Law Firm Sejong, Attorneys Choi Young-soo et al.

Judgment of the lower court

Daegu District Court Decision 2008No77 Decided April 11, 2008

Text

The appeal is dismissed. 85 days out of detention days after the appeal shall be included in the original sentence.

Reasons

The grounds of appeal by the defendant and defense counsel (to the extent of supplement in case of supplemental appellate briefs not timely filed) are examined together.

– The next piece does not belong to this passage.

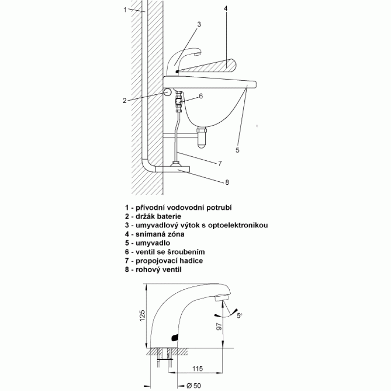 - Reaguje na prítomnosť rúk v snímanej zóne do vzdialenosti 0,3 m od snímača okamžitým spustením vody

1. As to the assertion against the rules of evidence

The argument in this part of the grounds of appeal is without merit due to the selection of evidence and fact-finding, which belong to the exclusive jurisdiction of the court below, and it is not acceptable to accept the judgment below, and otherwise, it does not seem to be unlawful in the

2. As to the assertion of misapprehension of legal principle

Article 29 of the Petroleum and Petroleum Substitute Fuel Business Act (hereinafter “the Act”) provides that anyone shall not manufacture, import, or sell pseudo petroleum products, and that such products shall not be stored, transported, stored, or used with the knowledge that they are pseudo petroleum products. Article 2 Subparag. 10 of the Act provides that “pseudo petroleum products” means products manufactured by mixing petroleum products or petrochemicals with other petroleum products or petrochemicals, regardless of their names, and are manufactured for the purpose of using them or using them as fuel for automobiles provided for in Article 2 Subparag. 1 of the Automobile Management Act and vehicles and machinery prescribed by the Presidential Decree (limited to those using gasoline or light oil as fuel) (excluding alternative fuel provided for in Article 2 subparag. 11 of the Act). Meanwhile, the above Act aims to ensure the stability of supply and demand and prices of petroleum products and alternative fuel products with the knowledge that they are pseudo petroleum products, thereby contributing to the development of the national economy and improvement of the quality of such products (Article 1), and ultimately, the legislative purpose of Article 29 of the Act, including the legislative purpose of protecting similar petroleum products from sale and sale of petroleum products in light of Article 29 of the Act.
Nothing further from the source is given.